Terhadap rencana Belanja sebesar Rp 940 Milyar, yang tediri atas Belanja Tidak Langsung sebesar Rp 503 Milyar dan Belanja Langsung sebesar Rp 437 Milyar, maka fraksi kami memandang sebagai berikut:

1. Besarnya Belanja Tidak Langsung dibanding Belanja Langsung merupakan indikasi masih besarnya Belanja Rutin, terutama Belanja Pegawai, terhadap Belanja Publik. Dari Rp 503 Milyar Belanja Tidak Langsung, maka Rp 400 Milyar nya merupakan Belanja Pegawai. Hal ini hendaknya disadari dan menjadi dasar motivasi bagi seluruh jajaran pegawai pemda untuk meningkatkan produktivitas dan kinerja pelayanannya, karena komponen terbesar APBD kita adalah untuk belanja pegawai. Melalui peningkatan penerimaan di luar DAU dan DAK, kami berharap di masa mendatang, komposisi Belanja Publik atau Belanja Langsung dapat lebih besar dari Belanja Rutin atau Belanja Tidak Langsung. Agar dampak langsung maupun tidak langsung dari meningkatnya Belanja APBD kota Depok ini benar-benar dirasakan oleh seluruh warga Depok.

2. Terhadap Belanja masing-masing urusan, kami menyoroti hal-hal berikut:
a.
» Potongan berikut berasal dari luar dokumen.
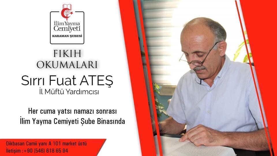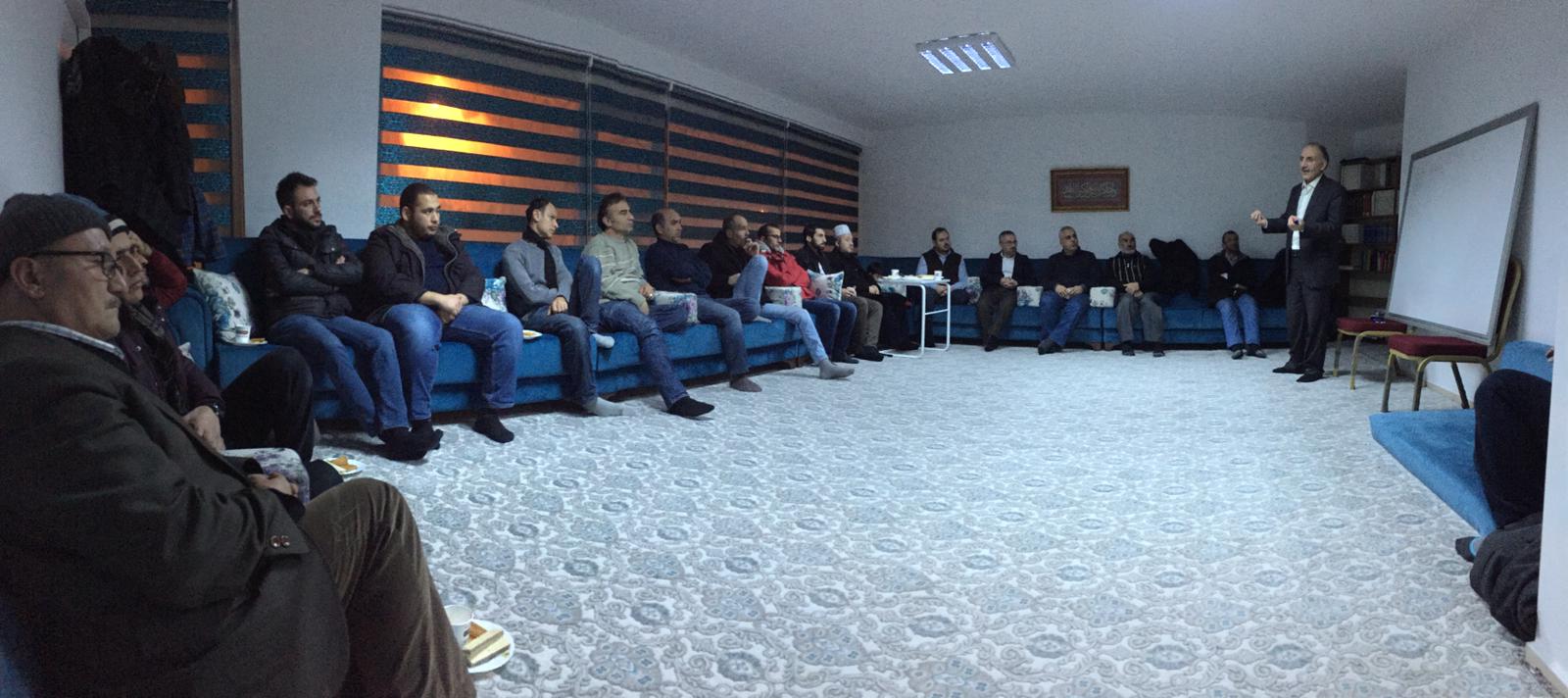Her hafta Cuma akşamı yatsı namazını müteakiben şube binamızda İl Müftü Yardımcısı Sırrı Fuat Ateş hocamızın anlatımlarıyla fıkıh okumalarını icra ediyoruz. Hocamızın fıkıh ilminden her hafta birbirini takip eden farklı bir ders mahiyetinde işliyor, karşılıklı sorularla cevaplanan ve çay muhabbetimizle demlenen sohbetimiz karşılıklı fikir alışverişlerinin ardından son buluyor.

Kami mengapresiasi alokasi Belanja Pendidikan yang telah di atas 20% sesuai amanat konstitusi, yang telah mendorong wajib belajar 9 tahun, dengan pembebasan Biaya SPP dan PSB pada seluruh SD Negeri sekota Depok, dan pembebasan PSB pada seluruh SMP dan SMA Negeri sekota Depok. Kami juga mengapresiasi pelaksanaan RPJMD terkait pada kegiatan fasilitasi madrasah, dimana kota Depok menjadi pionir bagi kota dan kabupaten lain dalam memberikan perhatian yang besar bagi pendidikan di tingkat Madrasah, baik MI, MTs maupun Madrasah Aliyah. Kami berharap dalam pelaksanaannya di lapangan, segenap bentuk alokasi belanja pendidikan ini benar-benar mencapai sasarannya. Dan untuk jalur pendidikan alternatif, seperti Sekolah Terbuka, Paket A-B-C, dll, hendaknya mendapat porsi yang semakin meningkat pada tahun 2009 ini, mengingat masih besarnya kebutuhan warga Depok terhadap jalur pendidikan alternatif ini.
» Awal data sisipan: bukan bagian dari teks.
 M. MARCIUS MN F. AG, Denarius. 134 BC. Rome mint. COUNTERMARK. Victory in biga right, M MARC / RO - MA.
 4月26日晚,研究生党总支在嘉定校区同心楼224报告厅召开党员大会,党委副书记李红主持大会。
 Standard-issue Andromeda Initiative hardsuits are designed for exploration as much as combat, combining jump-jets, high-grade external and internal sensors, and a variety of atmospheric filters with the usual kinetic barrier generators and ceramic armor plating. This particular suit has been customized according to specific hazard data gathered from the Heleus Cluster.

b. Kami juga menyampaikan apresiasi terhadap perhatian pemkot terhadap alokasi Belanja Kesehatan, yang meliputi layanan RSUD, Puskesmas, Posyandu, Posbindu, Jamkesmas, SKTM, TFC, dsb. Kami mendorong agar dalam implementasi nya di lapangan dapat memprioritaskan kebutuhan warga akan layanan kesehatan ini. Di sisi lain, kami berharap kajian terhadap Jamkesda yang telah dilakukan oleh pemerintah daerah, dapat segera ditindaklanjuti dengan penyusunan regulasi terkait yang diringi dengan persiapan supporting system nya.
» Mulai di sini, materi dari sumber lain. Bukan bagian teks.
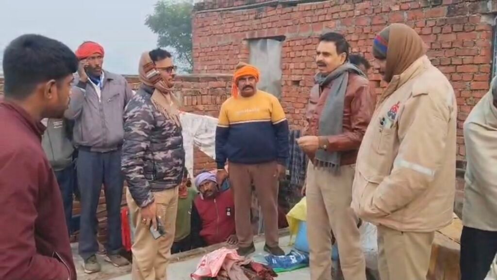 दुधारी गांव में घटना के बाद तप्तीश करती पुलिस—

c. Kami juga mengapresiasi kegiatan pembangunan infrastruktur jalan dan drainase kota, terutama kegiatan betonisasi jalan utama dan jalan lingkungan. Kami berharap selain diimbangi dengan pembangunan drainase, maka kegiatan betonisasi jalan tersebut dapat pula diiringi dengan pengembangan taman kota dan penghijauan di sekitar jalan. Agar warga pengguna jalan bukan saja merasakan kenyamanan berkendara dan kelancaran arus lalu lintas, namun juga keindahan dan kesegaran lingkungan. Kegiatan perbaikan drainase, saluran irigasi dan turab kali serta setu, hendaknya benar-benar dipersiapkan untuk mengurangi titik banjir yang ada di kota Depok, dan juga menjamin kelancaran saluran air untuk irigasi pertanian kota, terutama bagi para petani Sawah Padi, Belimbing, Jambu Merah, tanaman hias dll.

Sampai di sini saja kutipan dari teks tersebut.